Google Apps users can expect to see significant improvements in the suite’s voice- and video-chat capabilities, as the company builds on Gmail’s current features in that area.
Gmail’s voice and video chats are now limited to one-to-one communications, but Google wants to broaden that capability to more than two participants and make it more robust all around for Apps.
“This [current Gmail capability] is the first step in a much broader set of features we hope to roll out over the next six to 12 months around video [and voice] chat capabilities,” said Rishi Chandra, a Google Apps product manager. “It’s a great opportunity for us to push that space along.”
Apps, a Web-hosted communication and collaboration suite for workplaces, is used by more than 20 million people in more than 2 million organizations.
In planning these enhancements, Google has decided not to add a separate application to the suite, Chandra said.
Instead, the experience of launching a voice or video chat session should flow seamlessly from within Gmail and mesh organically with the other Apps components. “It should be embedded in the core experience across the application set,” he said.
Google isn’t disclosing further details about its plans. The company acquired Web and video conferencing software in 2007 from Swedish company Marratech.
Beefing up video and voice communications within Gmail is a good decision because e-mail remains the most-used enterprise application by information workers, said Sheri McLeish, a Forrester Research analyst.

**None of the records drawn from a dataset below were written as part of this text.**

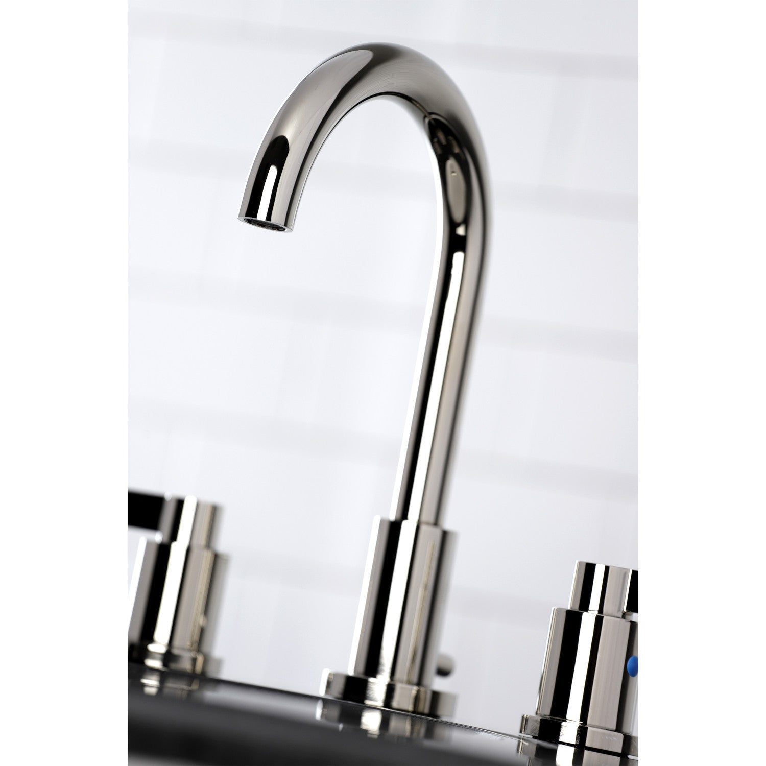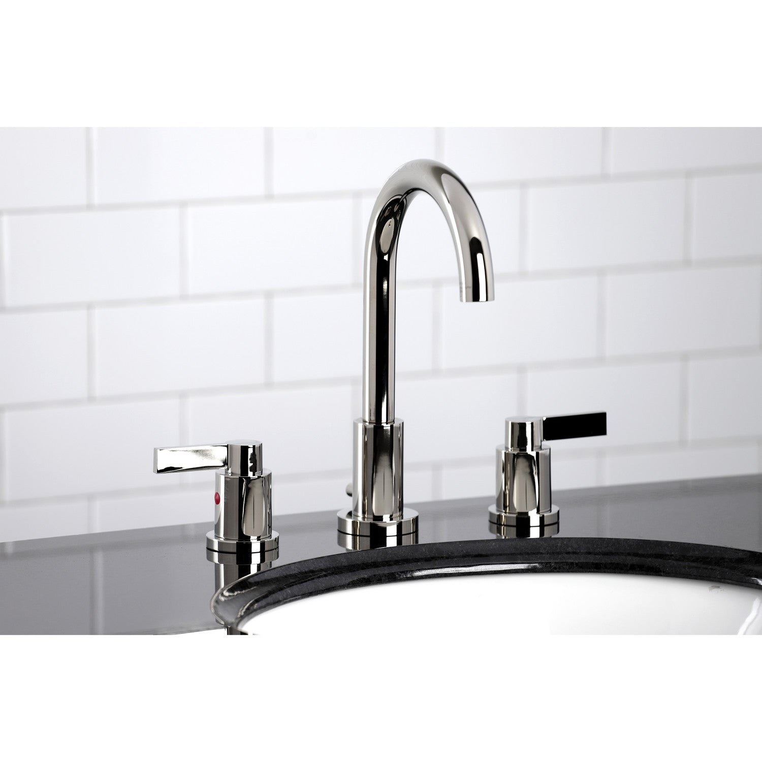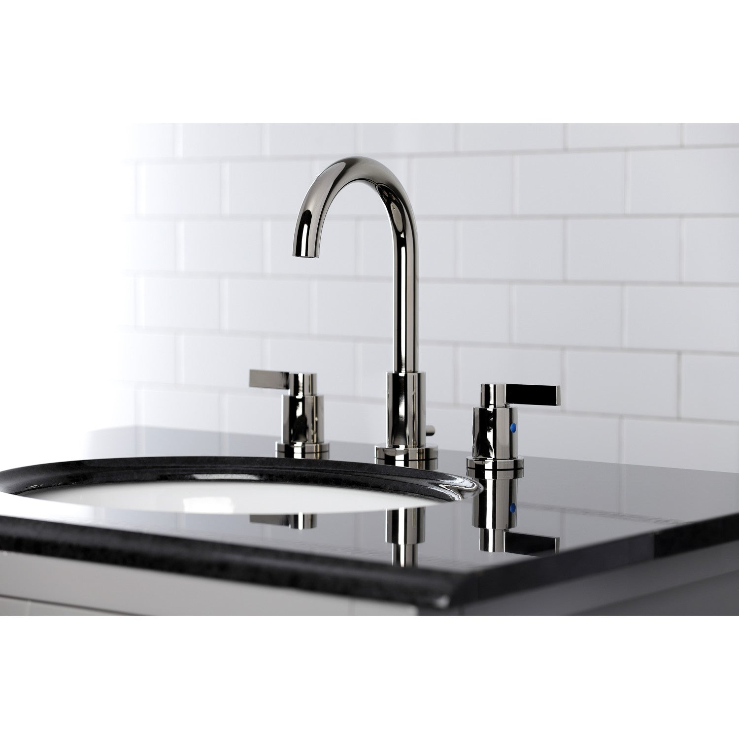 The chic fashion of this faucet is distinguished by its expressive artistry and flat, ergonomic levers. Ideal for more spacious bathrooms, widespread faucets are more spread apart and feature a 3-hole installation. The NuvoFusion 8 in. widespread bathroom faucet with brass pop-up and its featured sturdy brass construction and premium polished nickel finish are guaranteed to glamorize your home's modern ensemble for years to come. Revive the obsolete with the illustrious prestige of this fixture. A matching finish drain is also included.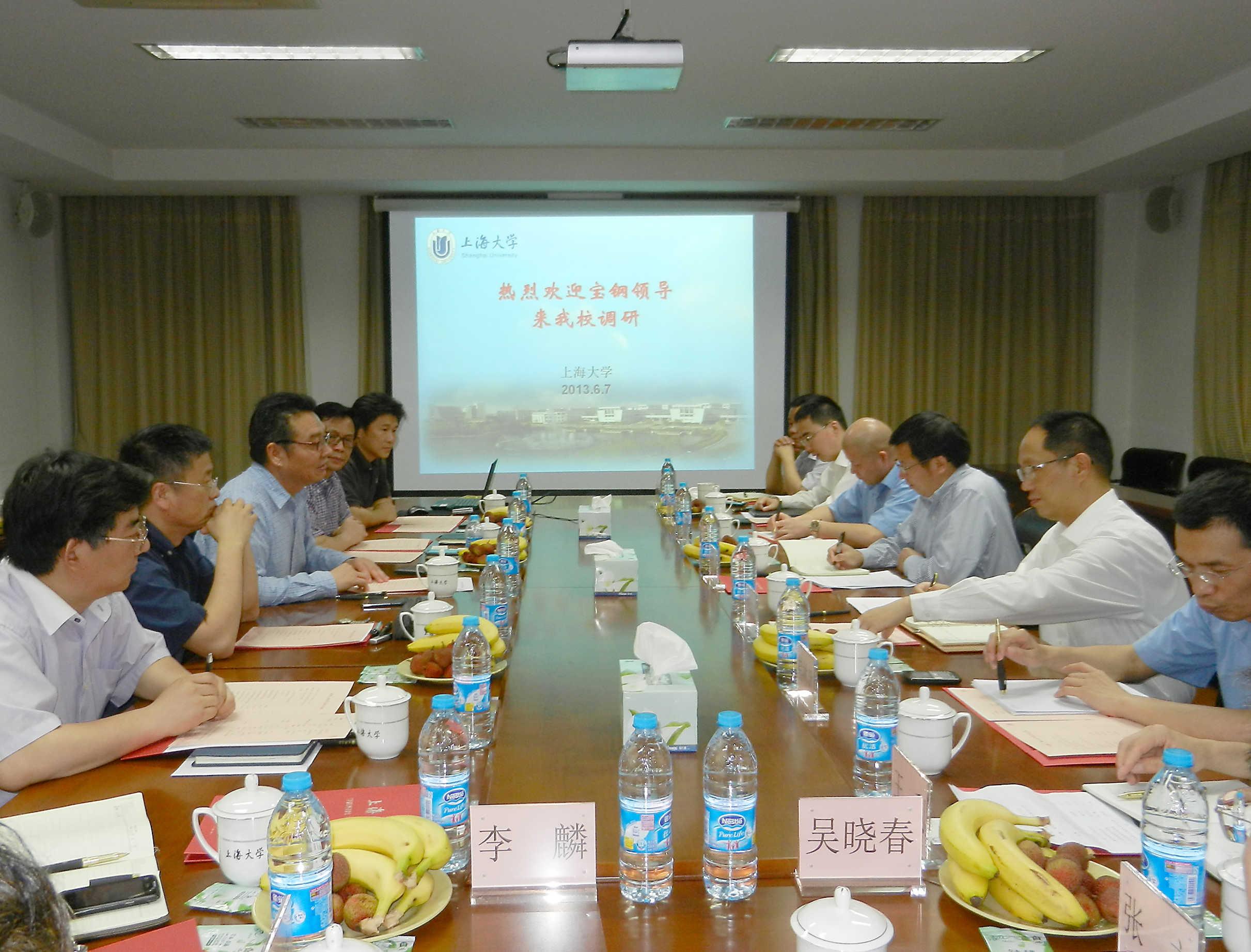 6月7日下午,宝钢股份公司副总经理储双杰、宝钢股份科技发展部部长黄伟良、宝钢股份研究院汽车用钢研究所所长蒋浩民、宝钢股份研究院炼钢研究所所长石洪志等领导和专家一行11人来我校考察和交流,国产亚洲精品美女久久久校长罗宏杰、副校长汪敏、校长助理、学科办主任翟启杰出席会议,我校参加会议的还有科技处处长施利毅、科技处副处长朱晓锦、材料学院院长张捷宇、材料学院副院长吴晓春以及材料学院李麟、郑少波等教授、专家以及我校科研处相关科研管理人员。会议由校长助理、学科办主任翟启杰教授主持。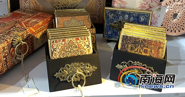 印度館里的純手工杯墊 南海網(wǎng)見習(xí)記者 鐘瑜 攝

In a recent Forrester survey of 2,001 information workers in the U.S., 87 per cent said they use e-mail, and among those, almost all use it at least once every day. Almost 60 percent of respondents use it at least once every hour.

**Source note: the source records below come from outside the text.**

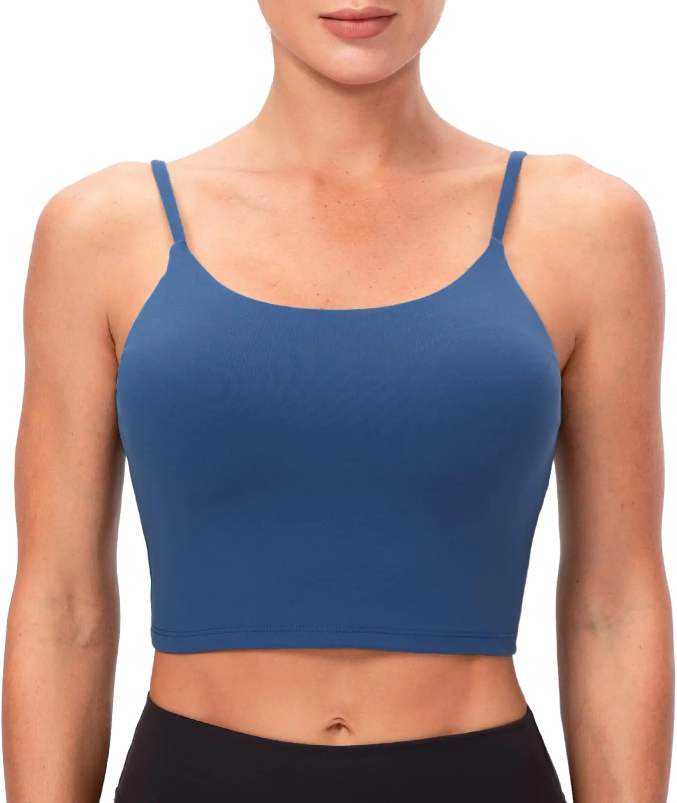 [THE FEEL: Cottony soft and 4-way stretchy THE FIT: Light support for A - C cup size hits above natural waist FEATURES: Scoop neck and spaghetti straps built-in shelf bra with removable pads PERFORMANCE: Breathable n sweat-wicking supportive n high-coverage low-friction BEST FOR: Yoga Pilates and studio practice running workouts or as everyday bra]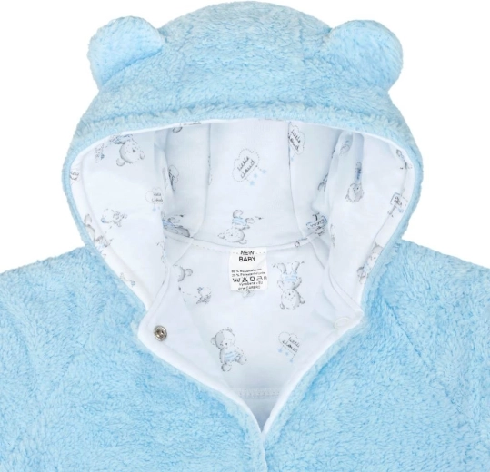 Het winter babyjasje New Baby Nice Bear is ontworpen voor maximaal comfort en warmte tijdens het koude seizoen. De buitenlaag van aangename warme fleece beschermt tegen de kou, terwijl de 100% katoenen voering met all-over berenprint zacht is voor de gevoelige babyhuid. De capuchon met schattige oortjes geeft het jasje een speelse look en beschermt het hoofdje tegen de wind.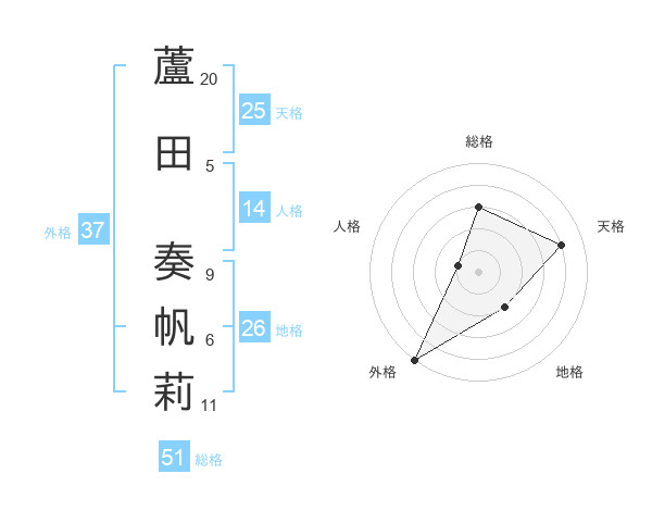 蘆田 奏帆莉さんの総格は51画の3点!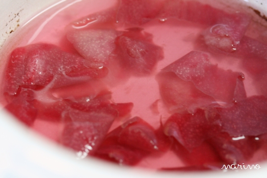 2)小鍋に★を入れ火にかけ、グラニュー糖と転化糖が溶けるまでかき混ぜる。液体がピンク色になったらOK。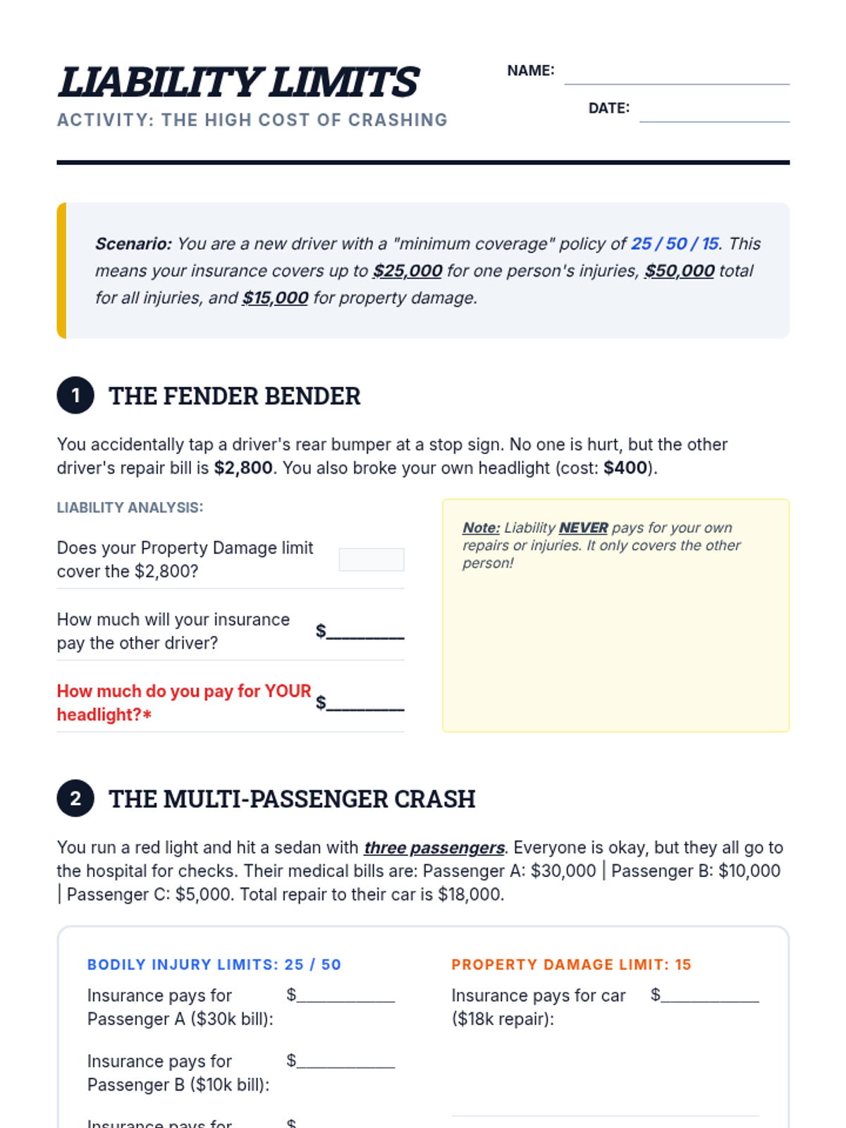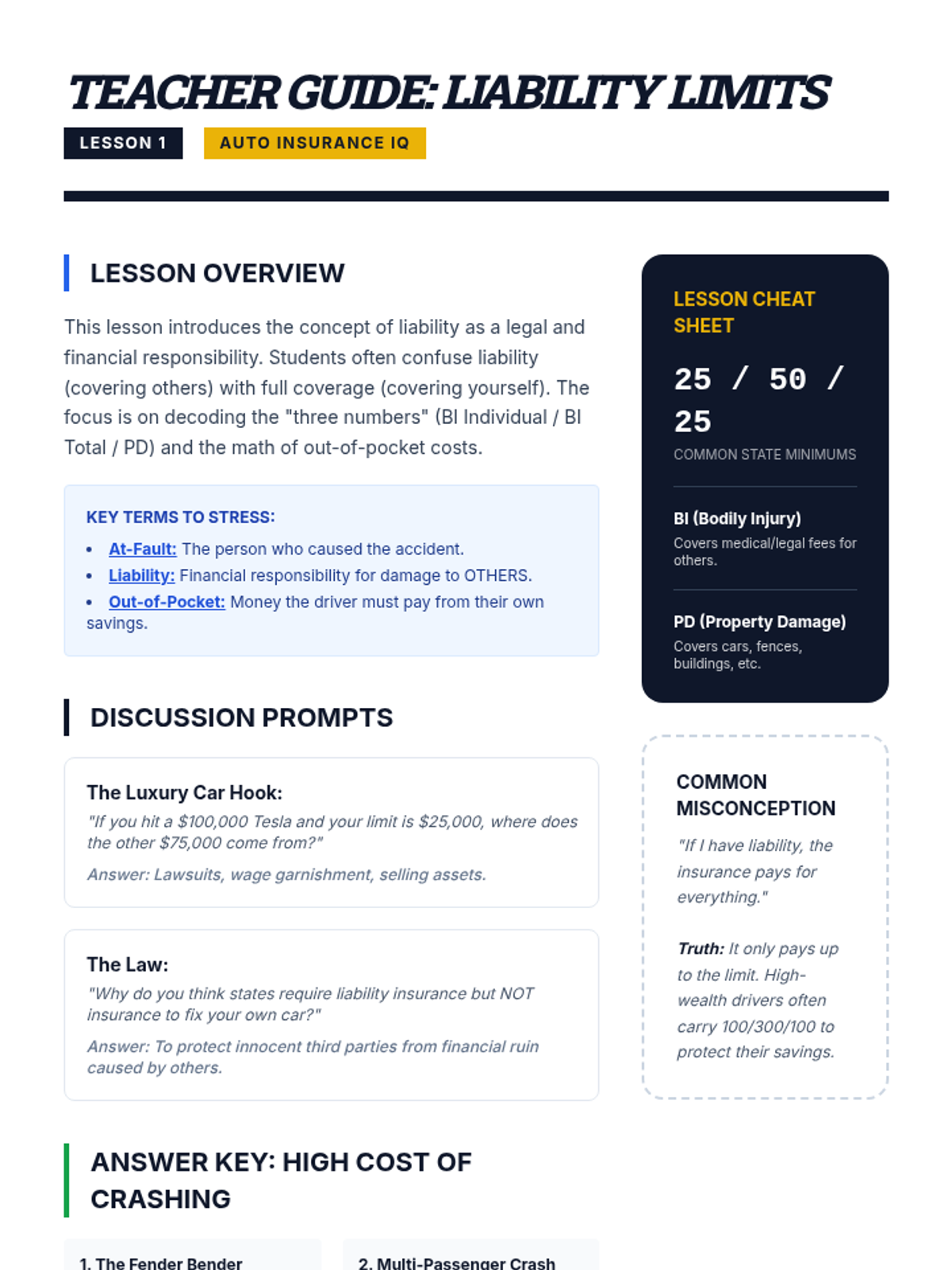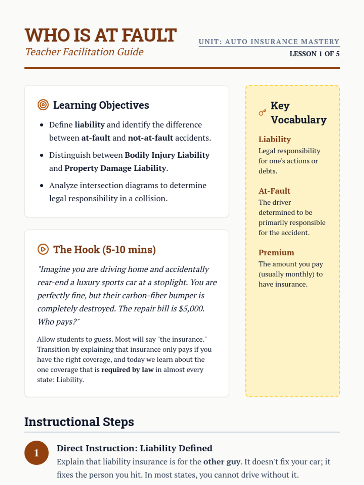A comprehensive 5-lesson unit for 8th graders on auto insurance, covering liability, collision, comprehensive coverage, rate factors, and policy selection using real-world scenarios.

“People are in e-mail all the time, so efforts to offer solutions that sit outside of an inbox tend not to have tremendous success,” McLeish said.

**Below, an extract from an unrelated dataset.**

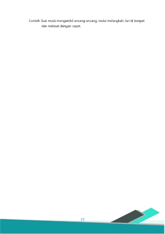 Contoh: Susi mulai mengambil ancang-ancang, mulai melangkah, lari di tempat dan melesat dengan cepat. 77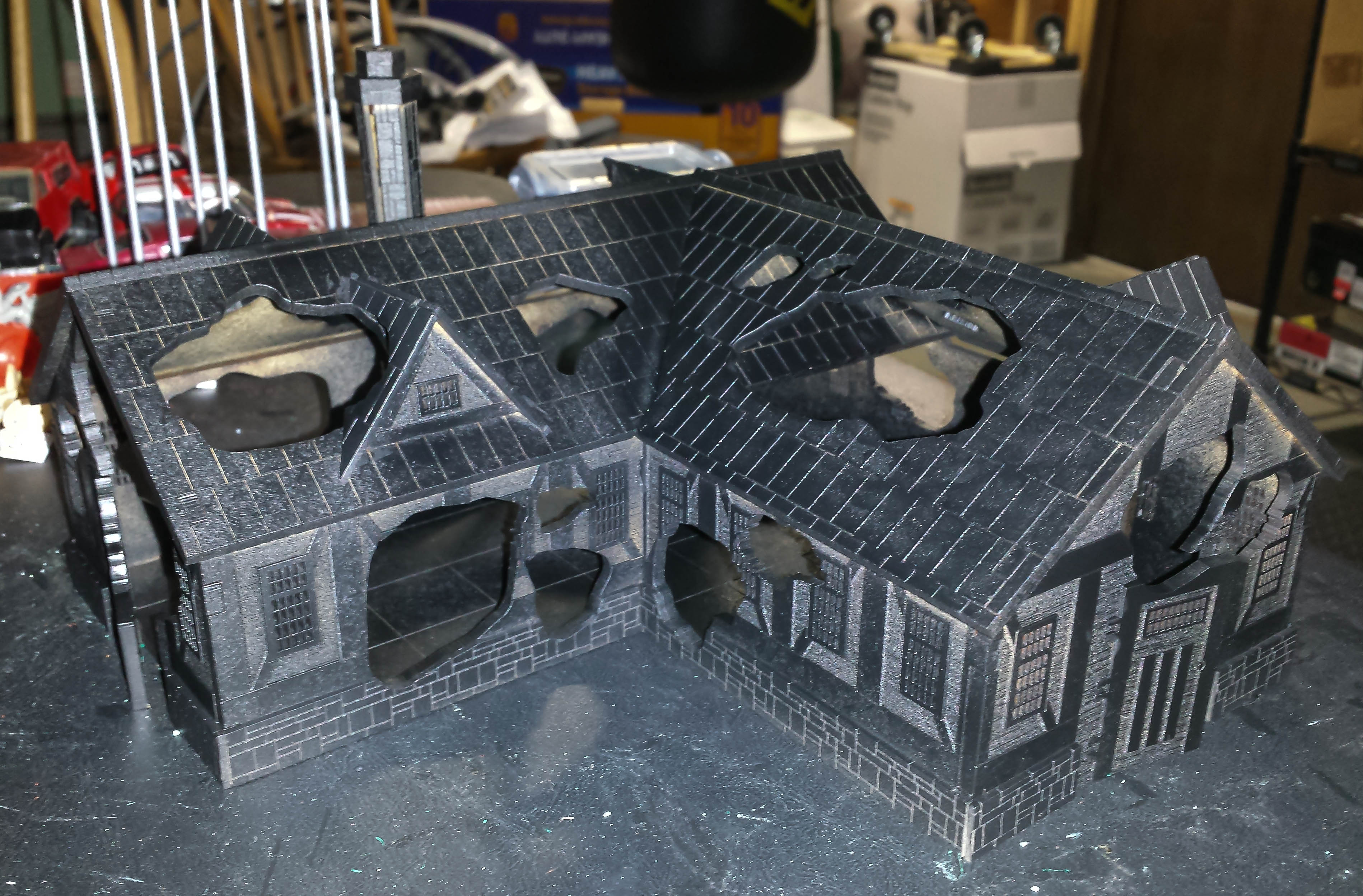 Here is my ruined Tudor building. It is fully assembled, and mostly primed.

Still, a significant spike in the use of multi-person video conferences on an ad hoc basis by thousands of end-users could have implications for the IT department, which may have to monitor network traffic and possibly provision more bandwidth, she said.
One area that Google hasn’t yet decided how to approach, if at all, is the popular trend among collaboration vendors of adding enterprise social-networking features to their software, adapting Twitter- and Facebook-like capabilities to a workplace setting.
“My feeling is that no one has really gotten it right,” Chandra said. “It’s one of the things we’re looking at to see if there’s a real opportunity there to improve how users communicate with each other and find information about other users.”
While it’s unclear whether Google Apps will even get an enterprise social-networking layer, Chandra offers some hints of what it could look like if it’s ever built. “Search has to be a critical aspect of it,” he said.
In addition, the user experience would likely be woven into Gmail, so that end-users don’t have to go to a separate application to tune in to co-workers’ status updates and other notifications, he said.
A big benefit that enterprise social-networking layers can add to collaboration suites is a directory where employees create profiles stating their areas of expertise, McLeish said. “That can be a very useful thing, especially for an organization with thousands of employees when you’re trying to navigate and find the right resource” for a task or a project, she said.
Chandra points out that Apps users often create these profiles using the suite’s Sites application, which lets them build Web pages and sites whose content can then be searched.
Google has a consumer service called Google Profiles that seems close in functionality to these workplace “expertise badges,” but Chandra declined to say whether Google plans to adapt it for Apps.